At the moment, as suggested by xerotope, I am forced to disable NIC in the BIOS and work only with Wi-Fi module.
Now some questions:
Thanks in advance!
@pindi , here's my current configuration steps:
* Use the Ubuntu OEM kernel packages. This is what the Dell ISO includes, but you can also install it just through apt-get. I'm using linux-oem-20.04c which is based on the 5.13 kernel line.
* Additional Dell OEM packages include oem-somerville-meta and oem-somerville-factory-meta
Now, the OEM kernels include the fix referenced in launchpad. However, if your NVM checksum is already bad, it will still return the error message when trying to load the e1000e module. As far as I can tell, this problem is caused either by a bad version of the driver trying to write the checksum in some kernels or a factory error programming the NIC.
My current workaround is to manually patch the driver kernel module using the patches from the original kernel bug report https://bugzilla.kernel.org/show_bug.cgi?id=213667 . To keep it up to date, I made a DKMS script to re-build it. However, I hacked together this process so don't currently have any step-by-step instructions.
If I get it fully automated I'll try and get a gist or something on Github and link it here. Good luck!
Hi @xerotope
if I understand correctly, the bugfix released into these kernel versions is for resolve the stuck problem during OS boot, not for bypassing "The NVM Checksum Is Not Valid" error, right?
And for some reason, my old motherboard probably had a nic module with correct checksum, while the current one does not.
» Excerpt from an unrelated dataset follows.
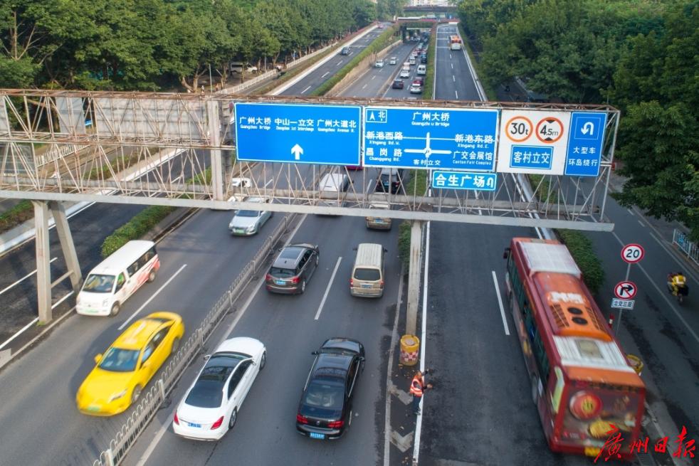 一大早,在广州大道上客村立交三层的匝道,有市政施工人员指挥引导车辆驶上三层转盘环岛,龙门架上也安装了大型车换到绕行的交通标示牌。

But is it possible in your opinion that a complete fix for this problem will be released soon?
Unfortunately it does not even seem possible to act on the checksum with ethtool or bootutil64e (because write is probably blocked --> "Unable to write default configuration to EEPROM").
Yeah, the bugfix just stops it from hard locking, but the checksum is still checked and the module won't load.
I'm not sure about a timetable for a fix. My company's IT team has been in contact with Dell and it's been elevated to some higher level Linux engineering team and confirmed. But no path on a fix (other than USB-C ethernet dongles, yuck)
I also tried the ethtool/bootutil route, and it seems the consensus is the EEPROM is read-only, even if write protection is disabled in the module parameters.
So for now, patching the kernel module to bypass the checksum check entirely is my workaround.